Watts November 06, 2012 at 05:22 PM
What you wrote was the definition of a backhanded compliment; an insult cloaked as a compliment. If you had just put a period where you ended up putting a comma in that last sentence and ended it there, that would have been a show of character for you. But you didn't. You couldn't just say something nice about his effort, you had to stick in the shiv.
John B. Greet November 06, 2012 at 05:41 PM
Still assuming the role of instructor, ay, Watts? Still presuming to educate folks on what they should write or how they should write it. I do not believe, as you seem to, that respectfully disagreeing with another is analagous to "sticking in the shiv." I believe it is only interpreted that way by folks who see reasonable and respectful disagreement and debate as some sort of threat or personal affront. This, in turn, in my experience, most often occurs when those who feel thus threatened or affronted tend to view themselves as somehow intellectually or morally superior to those who would dare to disagree with them. I intend my disagreements with others as neither a threat nor an affront but, rather, simply an attempt to share my own views, just as those others have attempted to share theirs. I think it's strange that you seem to have such a difficult time with concepts such as these.
Mariana Williams November 07, 2012 at 10:01 PM
Okay, John, Thanks for pointing out that in my case the health care plan would not have helped. Ok, we/our couny is working on it. The plan will have to be tweaked over and over, but other countries have met the challenge.

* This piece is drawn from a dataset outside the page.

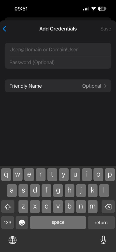 After entering your server’s IP address, tap on “Credentials” and select “Add Credentials”.

Back to my point. It has been said that a culture can be judged by how they treat their artists. I'm not talking about the hit-makers, or rappers. I'm talking about the working musician and their contribution. It's not a filling by a dentist, but it has a value. People like the ambience that good music offers; it has value for people that may have had a stressful day. In the same way a book would take you away from your cares. A painting, a photograph taken by an excellent photographer. Let's put a little grace in our lives. As for you and Watts. The person who gets the last word, who cares? You both have valuable points and trying to get the last word of upmanship isn't flattering. Watch the pelicans dive in the bay. You both have friends that see things the way you do. Let me have the last word. "Let it Be" Mc Cartney & Lennon.